Politics and immigration

Qu'est-ce qu'un centre de rétention administrative ?

Les centres de rétention administrative (CRA) sont des lieux d’enfermement où sont retenus les étrangers auxquels l'administration ne reconnaît pas le droit de séjourner sur le territoire français. La rétention n’est pas une mesure punitive : la privation de liberté ne sanctionne pas un crime ou un délit mais une infraction au séjour ; ici, la retenue vise à procéder à l’éloignement de l’étranger. Les principales mesures d’éloignement à l’origine du placement sont des OQTF (61,54%) et les transferts Dublin (19,5%).

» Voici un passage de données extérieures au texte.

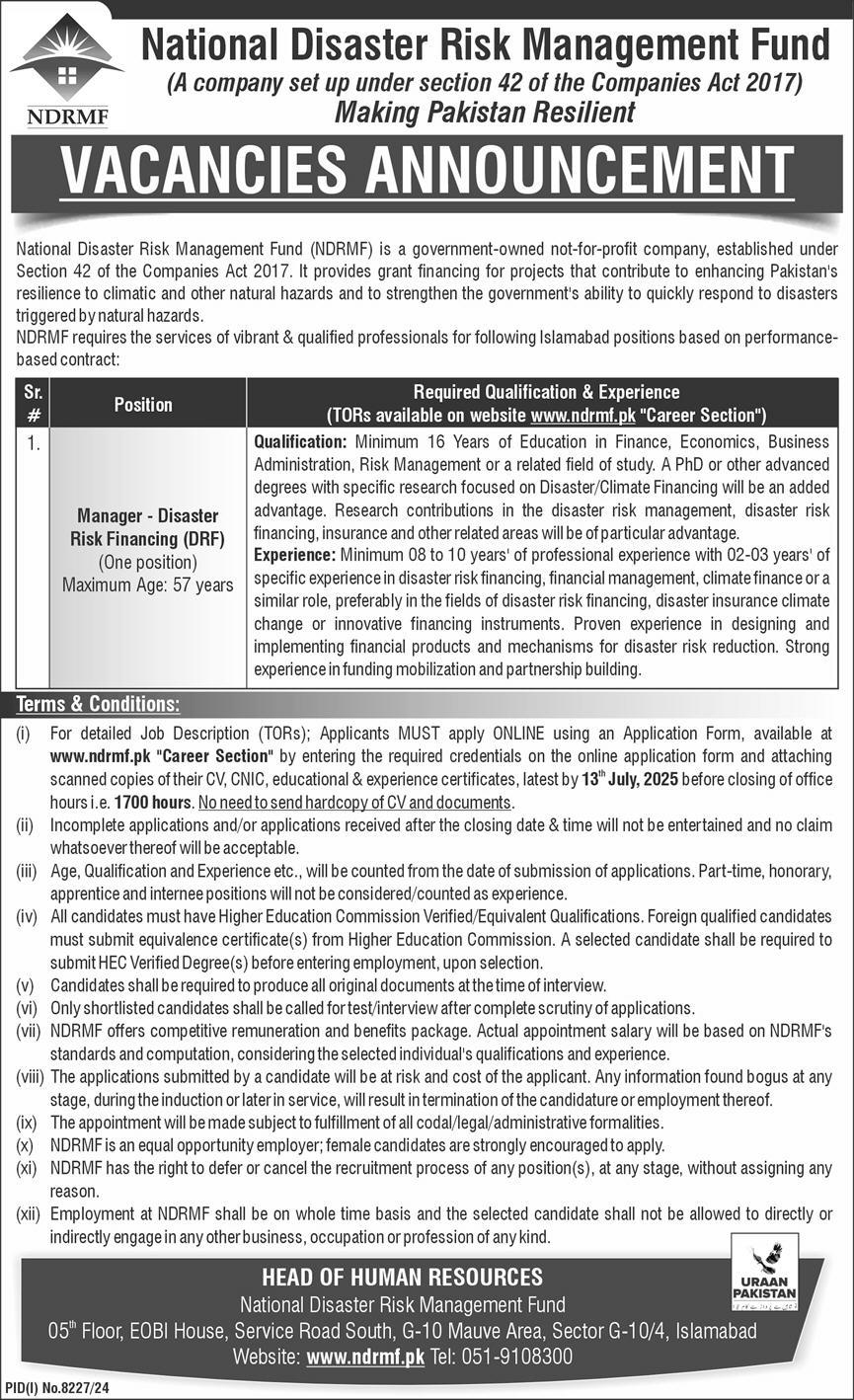 Vacant posts including manager drf, manager disaster risk financing and manager are announced in National Disaster Risk Management Fund NDRMF G-10/4 Islamabad, islamabad Islamabad Pakistan as per 29 May 2025 advertisement in daily Express Newspaper. Candidates with Phd, Master and Others etc. educational background will be preferred.

En 2021, selon le rapport de la Cimade sur la rétention, la situation des étrangers avant leur retenue en CRA s’établissait comme suit : 3 137 sorties de prison (23,5 %) ; 2 994 contrôles de police (22,5%) ; 1 818 contrôles en gare (13,6%) ; 1 006 interpellations aux frontière (7,5%) et 814 arrestations au guichet (6,11%). Depuis 2016, toujours selon la Cimade, les placements en rétention à la levée d’écrou sont en hausse. Le projet de loi Darmanin souhaite étendre le principe de la « double peine », en cas de « crimes et de délits graves », à des étrangers délinquants jusque-là « non expulsables » (étranger arrivé en France avant l'âge de 13 ans, conjoint de Français depuis au moins 3 ans…).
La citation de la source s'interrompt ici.